FIG. 11 is a schematic perspective-view diagram of an injected chemical along an inner circumference of a tubing string via a single injection port, as illustrated in FIG. 1, for example. Injected chemical 90 is shown streaking along an internal surface of the production tubing string 13 from the injection port 16.

FIG. 12 is a schematic perspective-view diagram of an injected chemical along an inner circumference of a tubing string via a plurality of injection ports, as illustrated in FIG. 5, for example. A first portion 91 of injected chemical is shown streaking along an internal surface of the production tubing string 13 from the injection port 16. A second portion 92 of injected chemical is shown streaking along an internal surface of the production tubing string 13 from the injection port 22. A third portion 93 of injected chemical is shown streaking along an internal surface of the production tubing string 13 from the injection port 23. A fourth portion 94 of injected chemical is shown streaking along an internal surface of the production tubing string 13 from the injection port 24.

FIG. 13 is a schematic perspective-view diagram of an injected chemical along an inner circumference of a tubing string via a plurality of injection ports, each having a plurality of injection tips, as illustrated in FIGS. 8A and 8B for example. A first grouped portion 95 of injected chemical, is shown streaking along an internal surface of the production tubing string 13 from the injection port 16. As illustrated, the first grouped portion 95 comprises three discrete streaks, but as shown in FIG. 10, the streaks may bleed together, depending on the positioning of the injection tips and based on the relative densities of the injected chemical and the well-bore fluid. A second grouped portion 96 of injected chemical, is shown streaking along an internal surface of the production tubing string 13 from the injection port 71. A third grouped portion 97 of injected chemical, is shown streaking along an internal surface of the production tubing string 13 from the injection port 72. A fourth grouped portion 98 of injected chemical, is shown streaking along an internal surface of the production tubing string 13 from the injection port 73. As with the first grouped portion 95, the second grouped portion 96, the third grouped portion 97, and/or the fourth grouped portion 98 may include discrete or blended streaks. Indeed, all of the grouped portions may blend together so that the entire internal surface of the production tubing string is substantially covered with injected chemical.

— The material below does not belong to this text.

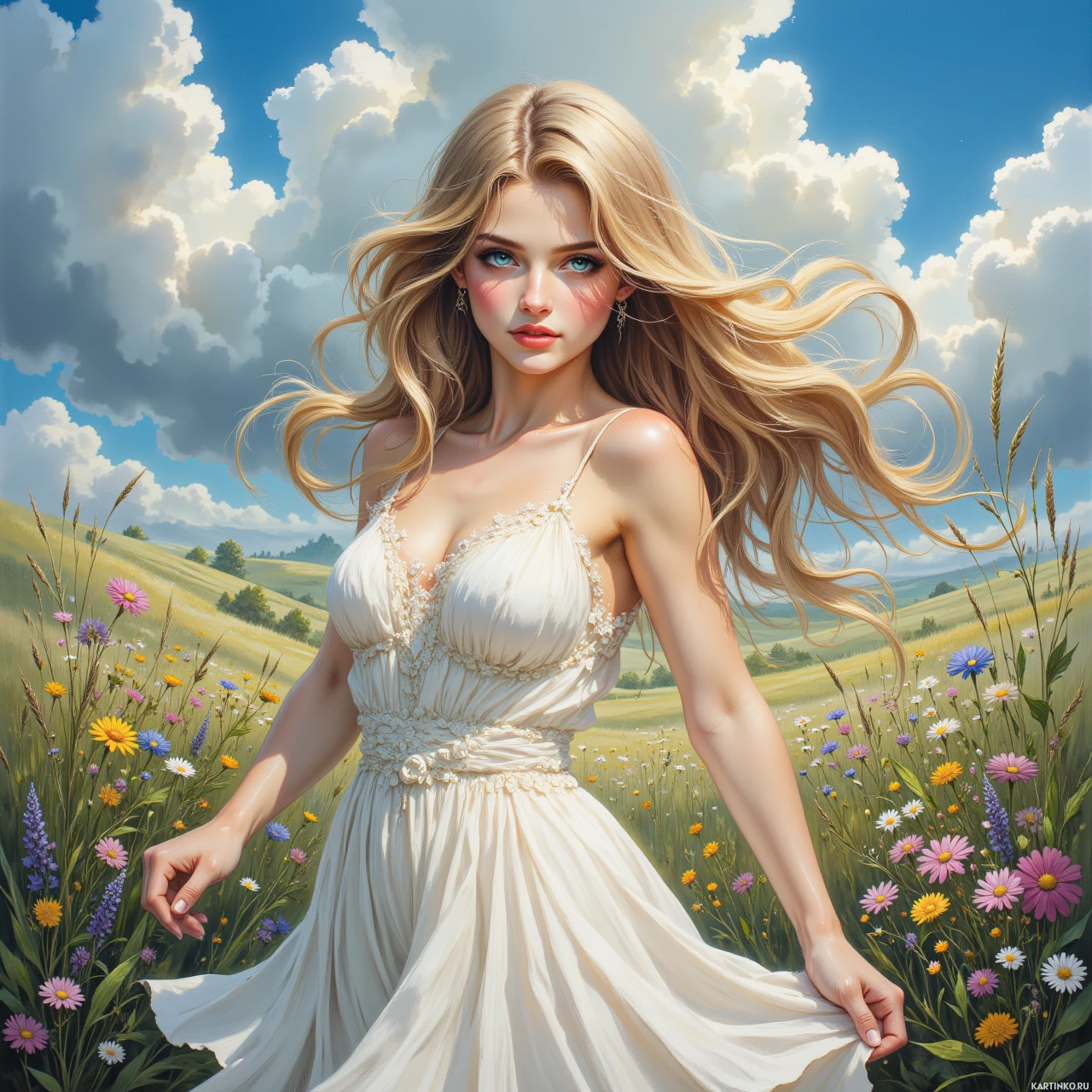 На картинке запечатлена блондинка с длинными волосами, словно замершая в движении: развевающиеся пряди и легкий подъем юбки создают ощущение полета. На ней воздушное, светлое платье, которое подчеркивает ее нежную кожу. Ее лицо выражает спокойствие, а взгляд устремлен вдаль, за пределы кадра. На заднем плане — идиллическая природа: по обеим сторонам тропинки, по которой она идет, цветут пышные цветы, а ясное небо намекает на весну или начало лета благодаря сочной зелени и полевым цветам.

FIG. 14 is a schematic perspective-view diagram of an injection port 100 having a plurality of injection tips, each tip having a unique shape. More specifically, the injection port 100 may be fluidically coupled with an injection line 101 through which injected chemical 2 may be supplied. The injection port 100 may include an injection port body 102 and a plurality of injection nozzles 103, 104, 105. Each of the injection nozzles 103, 104, 105 may have an injection nozzle tip 106, 107, 108. The injection nozzle tips 106, 107, 108 may be the same or different. For example a first injection nozzle tip 106 may have a circular or oval shape, a second injection nozzle tip 107 may have a triangular shape, and a third injection nozzle tip 108 may have a star shape. Other shapes may be employed. For example a nozzle tip may be circular, oval, or fan-shaped. The tips may be optimized to help condition the flow and to help the injected chemical effectively lay on the internal surface of the production tubing string and to diffuse as much as possible in a circumferential direction. The size and shape of each tip may be adjusted depending on the flow velocity of the injected chemical and based on the relative densities of the injected chemical and the well-bore fluid. Improved chemical distribution over tubing string walls may reduce scale deposition and buildup and as a result minimize any potential production losses, mitigating the need for costly remedial services.

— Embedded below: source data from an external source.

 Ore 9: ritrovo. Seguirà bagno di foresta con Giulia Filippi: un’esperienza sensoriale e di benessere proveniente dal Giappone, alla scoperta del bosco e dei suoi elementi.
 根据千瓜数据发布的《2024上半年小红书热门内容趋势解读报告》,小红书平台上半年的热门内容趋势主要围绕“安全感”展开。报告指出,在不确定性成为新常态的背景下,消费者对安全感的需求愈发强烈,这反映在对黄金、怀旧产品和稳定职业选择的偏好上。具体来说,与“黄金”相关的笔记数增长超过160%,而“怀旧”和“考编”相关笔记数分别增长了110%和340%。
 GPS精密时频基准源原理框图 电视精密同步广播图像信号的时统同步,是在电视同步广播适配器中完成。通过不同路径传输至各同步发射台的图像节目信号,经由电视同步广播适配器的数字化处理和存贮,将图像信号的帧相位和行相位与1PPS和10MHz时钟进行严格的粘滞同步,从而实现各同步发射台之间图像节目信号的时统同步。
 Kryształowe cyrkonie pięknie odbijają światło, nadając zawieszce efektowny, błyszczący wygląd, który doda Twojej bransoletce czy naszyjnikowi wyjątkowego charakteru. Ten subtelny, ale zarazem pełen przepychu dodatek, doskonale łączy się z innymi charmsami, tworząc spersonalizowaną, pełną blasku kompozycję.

FIG. 15 is a schematic illustration of an offshore platform operating a downhole chemical injection system. While the making and using of various embodiments of the present disclosure are discussed in detail, it should be appreciated that the present disclosure provides many applicable inventive concepts, which can be embodied in a wide variety of specific contexts. The specific embodiments discussed herein are merely illustrative and do not delimit the scope of the present disclosure.

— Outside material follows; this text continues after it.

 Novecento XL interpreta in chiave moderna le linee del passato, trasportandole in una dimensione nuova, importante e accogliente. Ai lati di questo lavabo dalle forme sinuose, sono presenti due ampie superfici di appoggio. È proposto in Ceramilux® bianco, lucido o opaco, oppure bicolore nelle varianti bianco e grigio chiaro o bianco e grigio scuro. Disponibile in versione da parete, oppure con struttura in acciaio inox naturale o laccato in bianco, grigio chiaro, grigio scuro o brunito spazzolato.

Referring to FIG. 15, a downhole chemical injection system is being operated in a well positioned beneath an offshore oil or gas production platform that is schematically illustrated and generally designated 210. A semi-submersible platform 212 is centered over submerged oil and gas formation 214 located below sea floor 216. A wellbore 218 extends through the various earth strata including formation 214 and has a casing string 220 cemented therein. Disposed in a substantially horizontal portion of wellbore 218 is a completion assembly 222 that includes various tools such as a packer 224, sand control screen assembly 226, packer 228, sand control screen assembly 230, packer 232, sand control screen assembly 234 and packer 236. In addition, completion assembly 222 includes a chemical injection mandrel 238 of the present disclosure having a density barrier for preventing migration of production fluid into the chemical injection system regardless of the directional orientation of wellbore 218. In the illustrated embodiment, a chemical injection line 240 extends from a surface installation depicted as a treatment fluid pump 242 passing through a wellhead 244. Chemical injection line 240 delivers treatment chemicals from pump 242 to chemical injection mandrel 238. Applications of the chemical injection system include, for example, scale removers, asphaltines, emulsions, hydrates, defoaming, paraffin, scavengers, corrosion, demulsifiers and the like. Completion assembly 222 is interconnected within a tubing string 246 that extends to the surface and provides a conduit for the production of formation fluids, such as oil and gas, to wellhead 244.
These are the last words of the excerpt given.